3.1. General Characteristics of the Studies
Quality scores ranged from 4 to 7 out of 9 on the adapted Newcastle–Ottawa Scale, with a mean of 6.21 and a median of 6, indicating moderate methodological quality [52]. Twelve studies adopted a longitudinal design, while eleven were cross-sectional; among these, five used a case–control approach. Sample sizes ranged from 57 to 125,621 participants, with ages spanning 2–18 years. In total, the review included data from 146,314 individuals across fifteen countries. Most studies were conducted in Europe (17 studies; Netherlands, United Kingdom, Finland, Sweden, Portugal, Switzerland, Belgium). Others were carried out in the United States (3), China (1), Thailand (1), Malaysia (1), and Canada (1). Socioeconomic context was assessed in only five studies, and inconsistently across them. Studies were grouped according to the main constructs examined and the measures employed (see Table 1).
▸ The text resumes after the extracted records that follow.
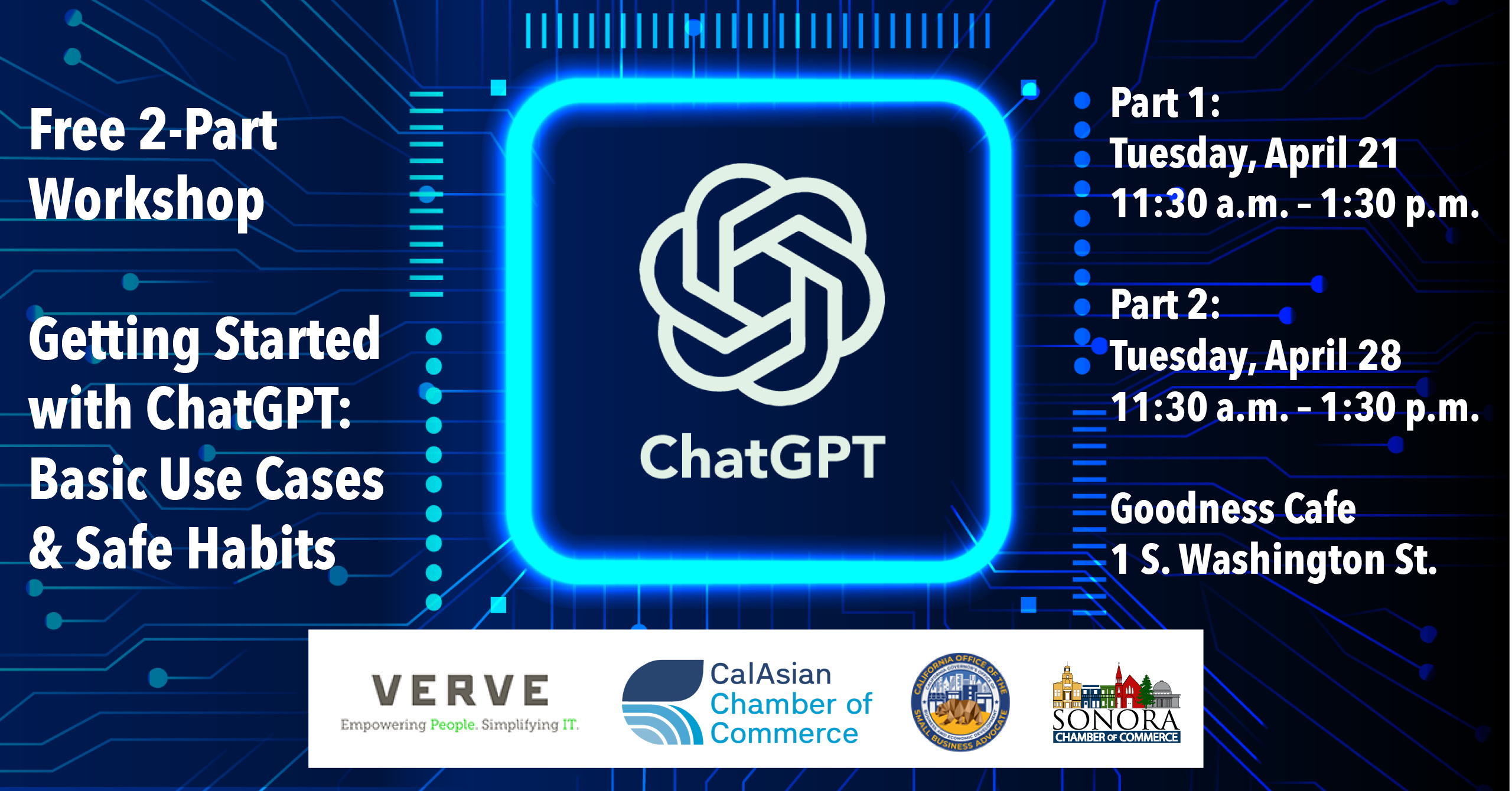 Join us for this free 2-session seminar on ChatGPT. Two AI Training Sessions presented by Verve IT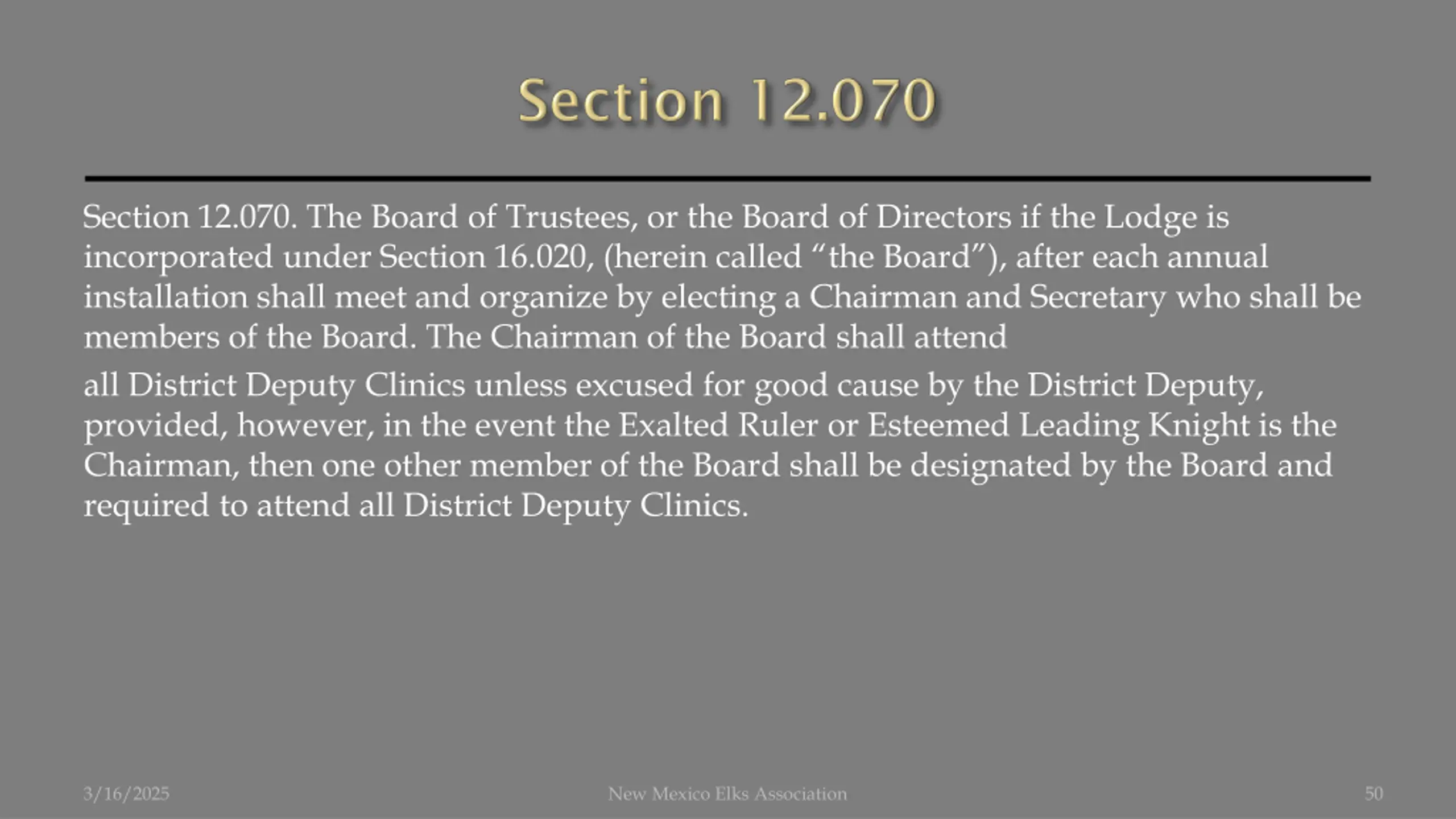 Section 12.070. The Board of Trustees, or the Board of Directors if the Lodge is incorporated under Section 16.020, (herein called the Board ), after each annual installation shall meet and organize by electing a Chairman and Secretary who shall be members of the Board. The Chairman of the Board shall attend all District Deputy Clinics unless excused for good cause by the District Deputy, provided, however, in the event the Exalted Ruler or Esteemed Leading Knight is the Chairman, then one other member of the Board shall be designated by the Board and required to attend all District Deputy Clinics. 3/16/2025 New Mexico Elks Association 50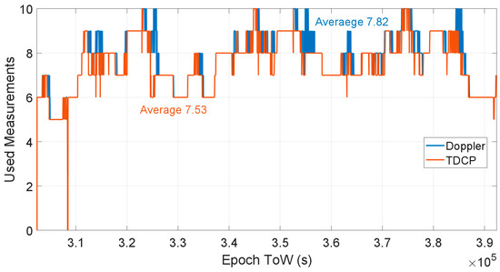 The first difference between the Doppler-based velocity estimation and the TDCP velocity estimation is the measurement availability. The TDCP technique requires the availability of two consecutive carrier phase measurements, while the Doppler method only relies on the availability of a single epoch observation. This aspect is analysed in Figure 4, where the number of used measurements for the different methods, considering E1 frequency, is shown. From the figure, it can be noted that the number of measurements for the TDCP case is always lower than that for the Doppler case, which is due to the intrinsic nature of the time difference approach which needs two consecutive measurements. The average number of used measurements for the Doppler case is 7.82, while for the TDCP method, the value is reduced at 7.53. This element, in open-sky conditions, does not significantly impact the performance in terms of solution accuracy; however, in obstructed scenarios where the satellite tracking is not continuous and the carrier phase availability is more limited, it could reduce the solution availability of the TDCP method. In this test, both methods were able to provide a continuous solution during the whole session. To avoid repetition of similar results, the analysis for the other frequencies is not shown.
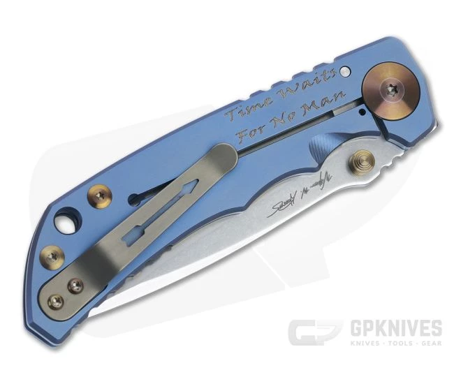 Blade:Â Made from stonewashed S45VN, the classic, utilitarian drop point blade has a top swedge and high saber grind for balanced performance and durability. A heavy stonewashed finish give a rugged look and hides wear from use. Riding on reliable bronze washers, the blade deploys fast and smooth via dual titanium thumb studs. Aggressive jimping on the thumb ramp offers added traction and a point for indexing.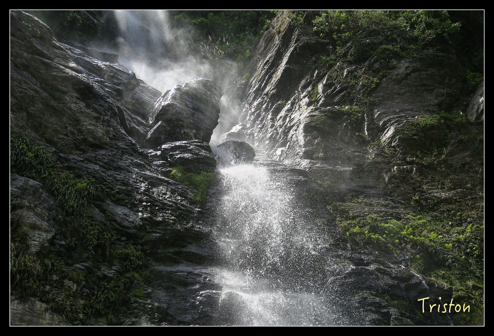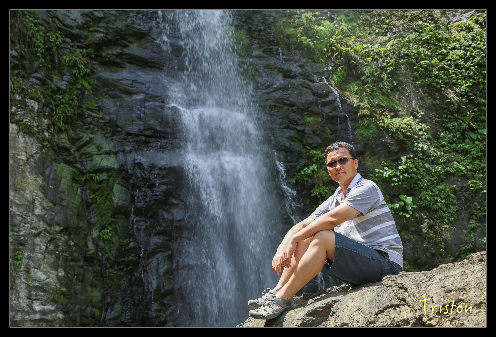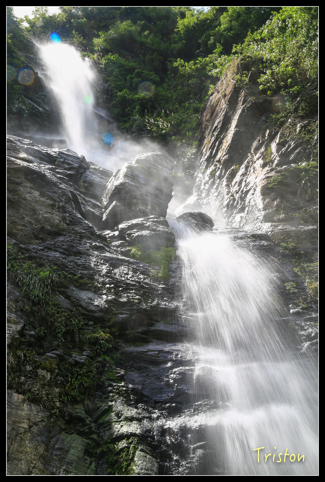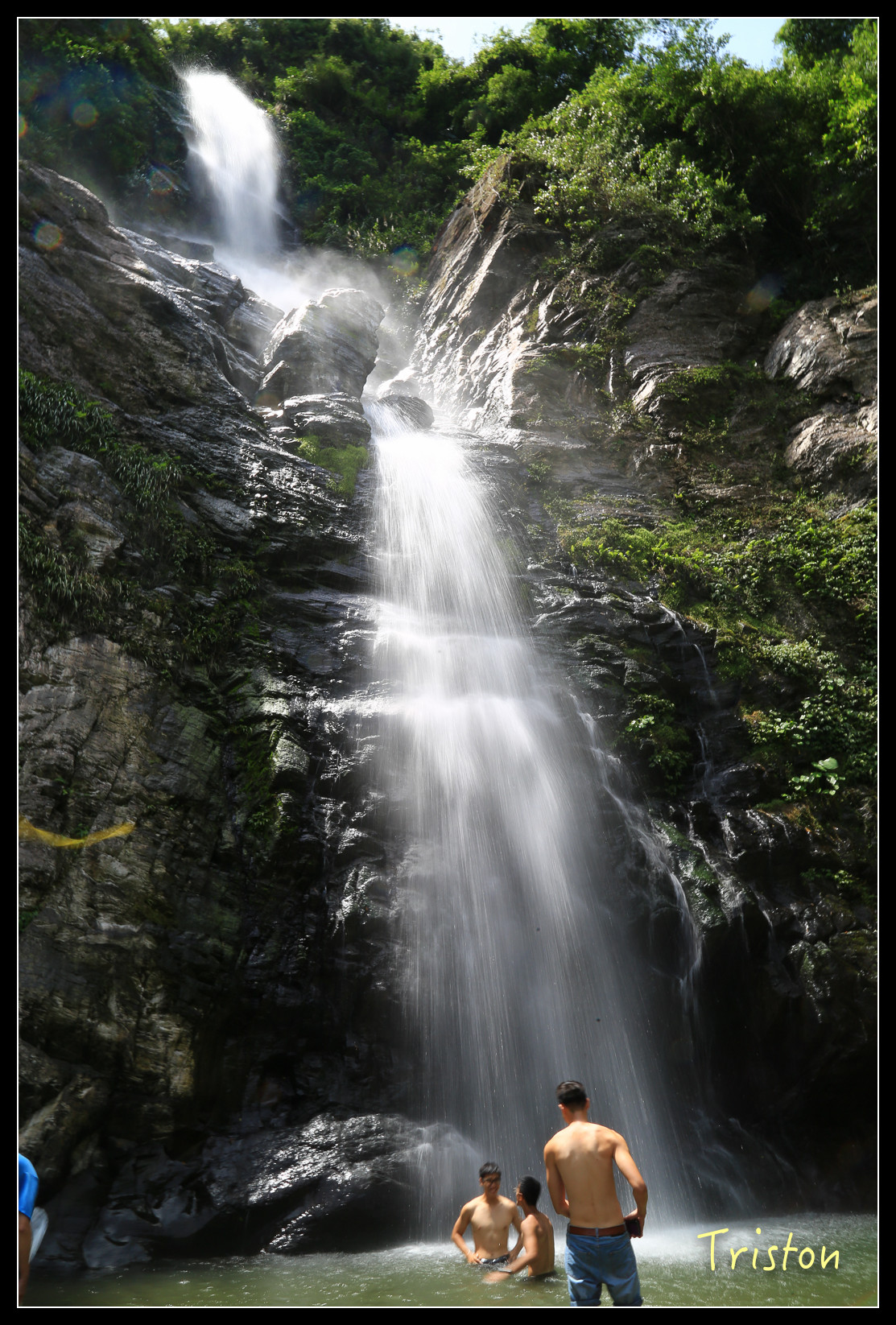 就在眼前了,高約五十米,雖然中午時分,但躲在陰涼處,瀑布下沖濺起的水花讓人挺涼快舒服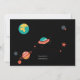 Une invitation colorée comportant un vaisseau spatial avec une fenêtre, des planètes et des étoiles de photo à un arrière-plan noir. Une invitation délicieuse pour votre partie d'espace-thème.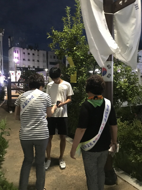 시민들을 대상으로 청소년보호 관련 홍보 전단지를 배부하고 있다.

3.2. Attachment and Temperament as Early Foundations of Moral Development
Two studies examined early relational and temperamental precursors of MD. Forslund et al. [32] and Morales et al. [37] found that disorganized attachment was associated with conduct problems, but not directly with ADHD symptoms. Building on this developmental perspective, Wu et al. [50] examined the long-term influence of early temperament. Difficult temperament at age 2 predicted a higher likelihood of becoming NEET (Not in Education, Employment, or Training) in adulthood. Hyperactivity-impulsivity symptoms mediated the pathway from difficult temperament to NEET status, whereas inattention did not. Adolescent antisocial behaviors further contributed to this developmental trajectory [50]. In adolescence, temperament profiles have also been associated with socio-emotional functioning relevant to moral behavior. In a cross-sectional study, Deotto et al. [31] reported that high harm avoidance and low self-directedness were associated with internalizing symptoms in adolescents with ADHD, whereas low cooperativeness was linked to externalizing behaviors, independently of ADHD severity and working memory performance.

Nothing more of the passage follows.